I just had my first staff meeting at my new job...at Ben & Jerry's.
This has provided ample oppurtunity for no fewer than 3 much-appreciated BJ jokes an hour, lovingly shoved down my throat in recent days...
It's a step up from the underpaying under-the-table gelato slangin' job I held down the past two summers.
A step up by $1.50, which is great for someone as stingy as me because falafel sandwiches at Nilufar (1923 St. Catherine W.) are only $1.25!
And I reckon I'll be wanting them for lunch sometimes instead of Half-Baked or New York Superfudge Chunk.
The manager gave out one high-five during the meeting and I was the starry-eyed recipient.
It came after discussion of the decoration of the pint containers. One girl apparently wrote "SHOUT OUT TO THE 5 BOROUGHS!" on New York Superfudge Chunk and the manager was saying (but not like in a bad way, just like she was just saying), "I mean come on, does anyone actually know the 5 boroughs??"

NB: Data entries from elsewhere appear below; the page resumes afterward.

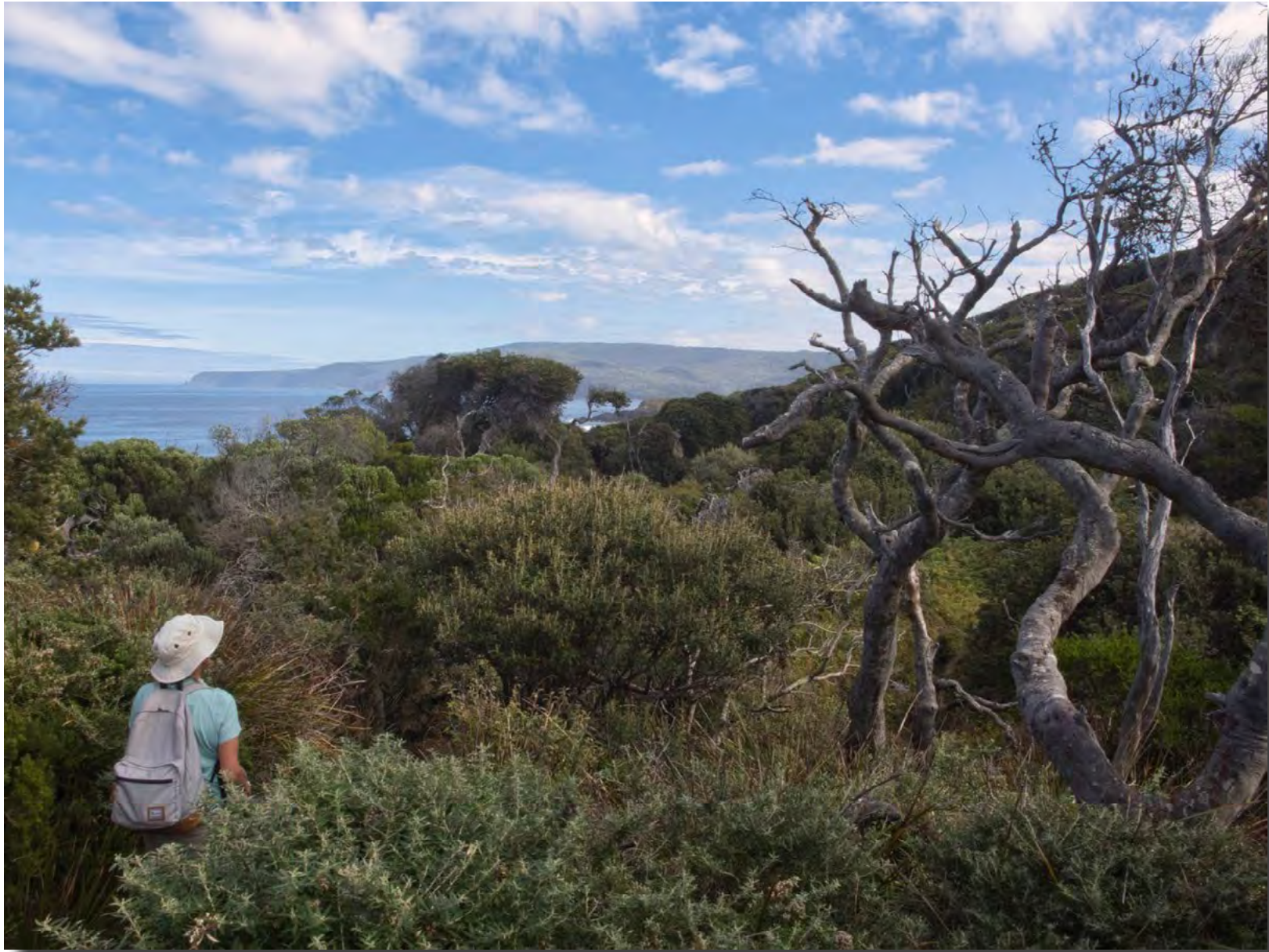
Tasmania Laurie Westcott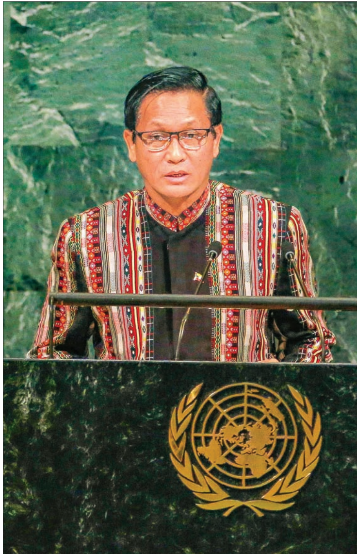
Vice President U Henry Van Thio addresses the 72nd United Nations General Assembly at U.N. headquarters in New York, U.S., on 20 September 2017.

Yesterday, the State Counsellor briefed the Diplomatic Corps on the government's efforts regarding national reconciliation and peace. She highlighted the achievements in the past 18 months and challenges that remain. In touching upon the situation in Rakhine, she said that Myanmar shares the concern of the international community regarding displacement and suffering of all communities affected by the latest round of terrorist attacks. She also stressed that "We condemn all human rights violations and unlawful violence. We are committed to the restoration of peace, stability and rule of law throughout the State. The security forces have been instructed to adhere strictly to the Code of Conduct in carrying out security operations, to exer-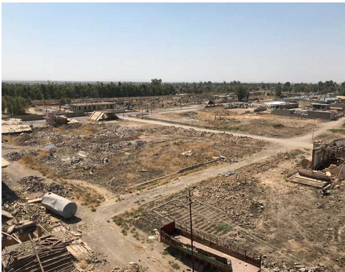
Photo showing part of the impacted area in Hawijah, September 2019.

One example was given where a family had to pay bribes worth half of the amount of the compensation in order to secure payment. 150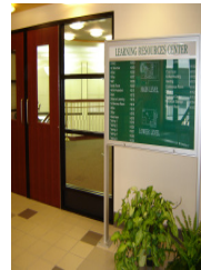
Entrance of the new Gordon P. Allen Learning Resources

The new building will provide more space, more computers, and more services. The LRC staff believes that the College community will enjoy the new LRC facility. Our new services include a Business Center,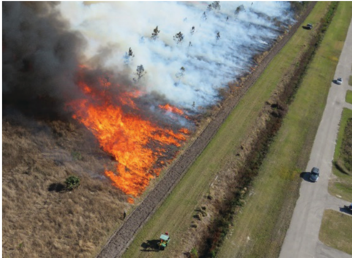
Figure 1. Aerial view of a person igniting a prescribed fire along a fire line in a non-native grass-dominated system in Florida.

microphyllum ), and Japanese climbing fern ( L. japonicum ). These four plant species are widespread in Florida and have large numbers of reports in the Early Detection and Distribution Mapping System (EDDMapS 2021).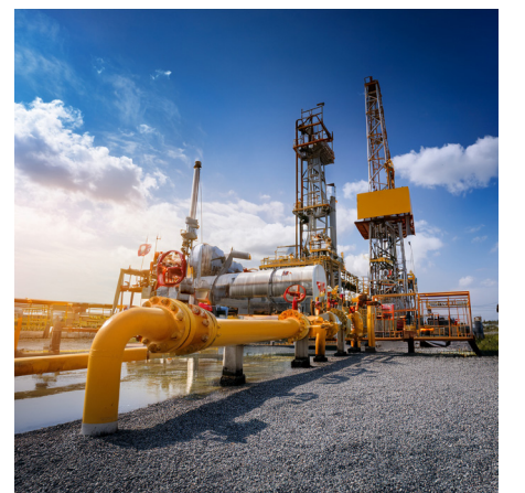
Oil and Gas Industry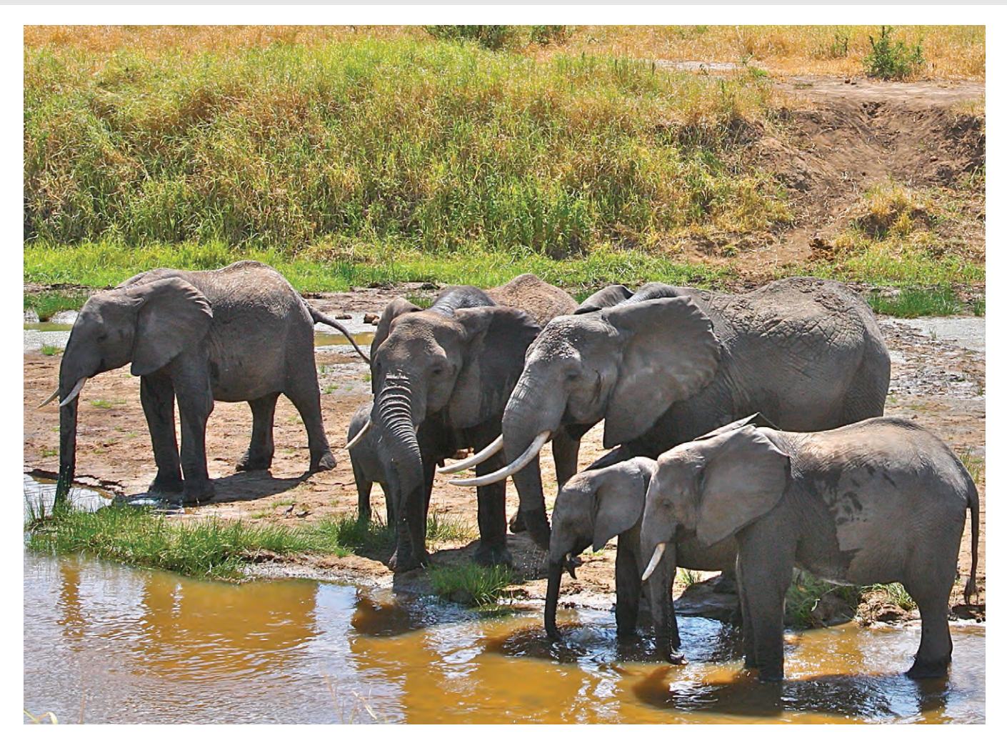
Protection of a healthy wildlife population calls for committed and motivated village game scouts.

Are visitor's numbers increasing or decreasing? Are tourist revenues increasing or decreasing? Are construction targets on schedule? How well are business agreements being kept by both sides? What progress has there been in managing conflict? Is the agreed number of people being employed in Joint Venture Businesses? How many people are earning money from tourist related activities?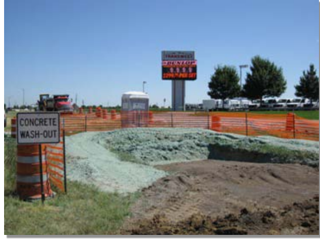
Photograph CWA-3. Earthen concrete washout.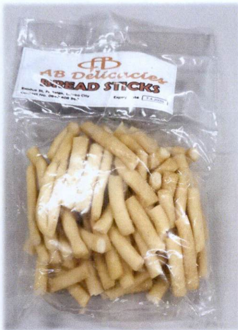
Figure 4. Unregistered AB DELICACIES BreadSticks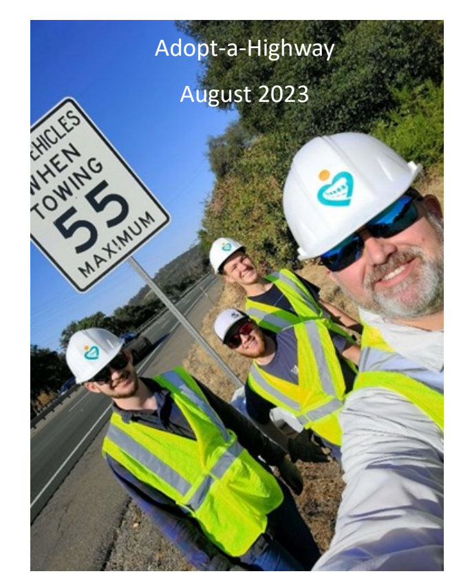
Me, upper far left volunteering for Adopt-A-Highway

I regularly share my flight experiences and information on the Young Eagles program, Sporty's Online Groundschool, and the Ray Scholarship program to others interested in learning to fly and potentially becoming a Ray Scholar in their journey.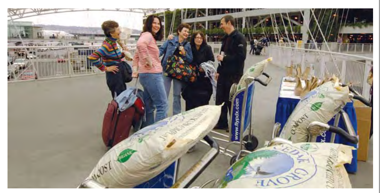
At a PDX Earth Day event, Port staff give away 200 bags of compost made, in part, from airport restaurant food waste.

This interim work will remove or isolate the highest-concentration contaminated sediments from the busy marine terminal, which handles automobiles, soda ash and liquid bulks. Other facets of the T-4 plan, most notably the construction of a confined disposal facility, will not occur until studies from the harborwide site study are completed. The Port is actively involved in the harborwide study and remains committed to cleaning up its contribution to Portland Harbor contamination.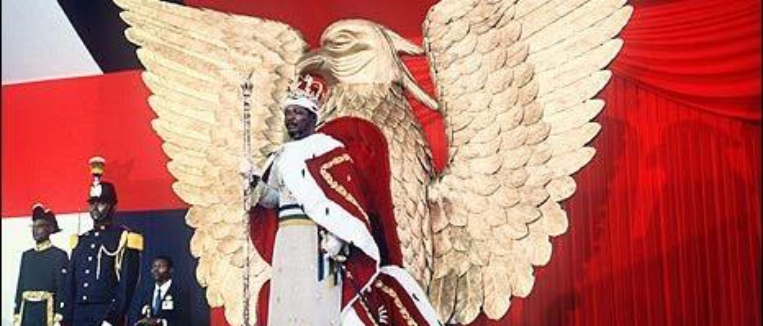
Coronation of Bokassa I, of Central African Empire (1977)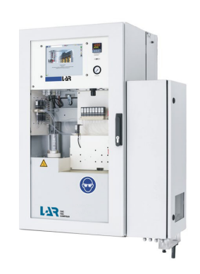
Water Analyzers for Pure and Process Water Applications QuickTOCpurity™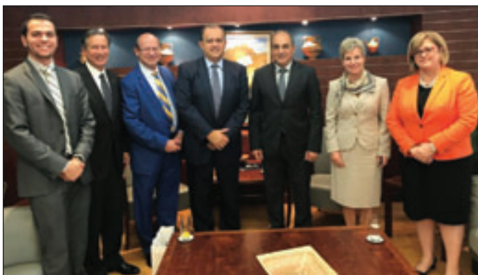
AHI Delegation with Mr. Demetris Syllouris, Speaker of the Cypriot House of Representatives.

The AHI delegation received multiple briefings from Cypriot and American officials on the status of settlement talks for Cyprus under UN auspices; Cyprus’ efforts to explore for hydrocarbon reserves in its exclusive economic zone (EEZ), and on Cypriot commerce and tourism sectors. In addition, there were discussions about raising awareness in the United States of the Missing Cypriots issue. All throughout the delegation’s meetings in Cyprus, AHI was commended for its past advocacy and current steadfast efforts to keep the Cyprus issue highly visible with key policymakers in the Obama administration and in the U.S. Congress.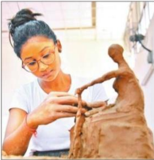
बले मॉडलिंग प्रतियोगिता में भाग लेती एक छात्रा।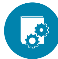
WORKPLACE & CLASSROOM LEARNING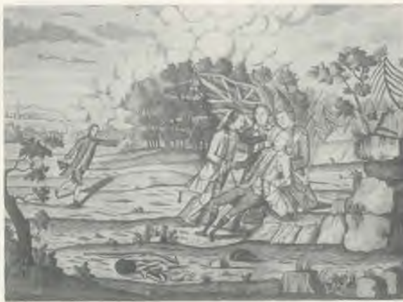
THE DEATH OF WOLFE From an old etching in the Dominion archives.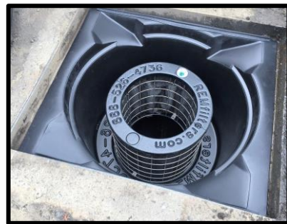
Model: TR24SR-D (shown above)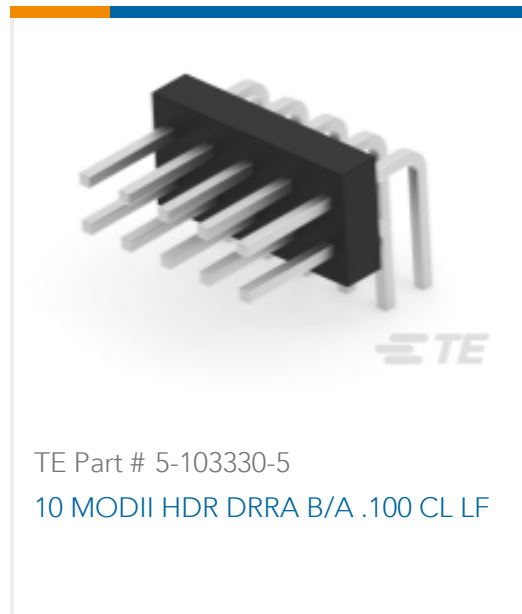
TE Part # 5-103330-5 10 MODII HDR DRRR B/A .100 CL LF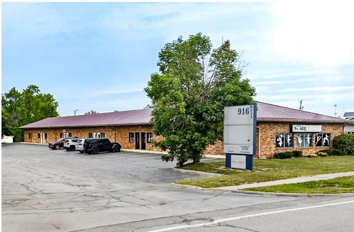
916 W COLISEUM BLVD.

And then I recited them and I got a high-five and then someone said "Spell borough" and then I spelled it and I got a punch in the face.
I didn't ACTUALLY...
Come on! Do you think I have a death wish?!?!
Although it might have been an okay way to let this girl from small-town Nova Scotia know that I'm not a total dummy, after I said something foolish when she trained me that let it be known that I forgot that Moncton is in New Brunswick not Nova Scotia, yeah I said it, what can you do.
And let us think back to a time when my sister Hilary's favourite joke was "Do you think I have a death wish?!" or it might have been "What, you think I have some kind of death wish??" after anything and everything that applied or didn't (which was often when it was funniest).
She used to also say, in relative monotone, "That's a great story, you should tell it at parties."
I thought it was great and I've tried (with limited success) to develop a thicker skin over life as my sister is fond of straight-up disses for jokes and sometimes I forget that I'm not as good at being mean and getting away with it and I said the party joke a few times but quickly learned that people seem to find it highly offensive and if you're in a situation where there's you, a friend, and a friend of the friend and you say it to your friend's friend who you presupposed would think it was funny, you're likely to get looked at by your friend like you just grew a Hitler mustache during a barmitzvah bathroom break and then you might have no friends left.
I guess Hilary has no room for the faint of heart in her circle of friends which is funny,once again considering this (which is still funny-ish, admit it).
Also funny was that my long-lost friend Kweku turned up at the meeting too, so we're new in this together and that should be fun sometimes and we both laughed about how it's been years since either of us have had a job with fancy stuff like staff meetings...
Kweku and I were in the choir and the chamber choir at Ashbury in 1999 and four months into the year 2000, we travelled to Austria with the chamber choir to sing great songs like "Java Jive" and hear great songs like "My Heart Goes Boom" which was all the rage over yonder at the time.
Furthermore, it's interesting I should run into Kweku and think of Austria because on this very trip, we visited some cornerstones of The Sound of Music WHICH I REFERENCED IN MY LAST BLOG, cornerstones including the back of the house that served as the back of the house in The Sound of Music...
As well as the gazebo that served as the gazebo in The Sound of Music!
This was a great milestone in my young life and I look back on it fondly.
As fondly as I look back on the time I went to Toronto a couple of weeks ago and was wined and dined to the max and served flowers for fun and cookies for breakfast.
There was some funny barbecuing!
And some fancy cheese and fancy crackers too...
The coolest was how my steady tried to woo me with the very same Riopelle de Québec that my sister's steady had tried to woo my parents with the previous day in Ottawa.
My sister's steady had never met my parents before and he heard a rumour that good cheese was the first step to getting into their good graces and you can't blame the kid for trying.
No but really, both succeeded and everyone who needed to be wooed was wooed and the cheese probably did help protect my sister's steady's neck!
High-fives all around (as my ex-roommate Caroliner would say).
And shout outs to Caroliner for always being willing to shower me in champagne for no good reason and for being awesome overall and Happy Birthday Caroliner for growing older with grace...which is her middle name by no coincidence.
Caroliner is unable to process gluten without having a hairy fit but I present her with a flour-filled cake anyway, so what.
BYEEEEEEEE!!!
P.S. Relax Caroliner, I'm looking into this incredible basically flourless cake my mom made for Stephanie Anne Gaty's birtday cake at Easter and I think you'll love it eventhough you won't eat it on your real birthday because I accidentally got confused and am going to be out of town at my steady's mom's retirement party and I'll make it up to you, I promise.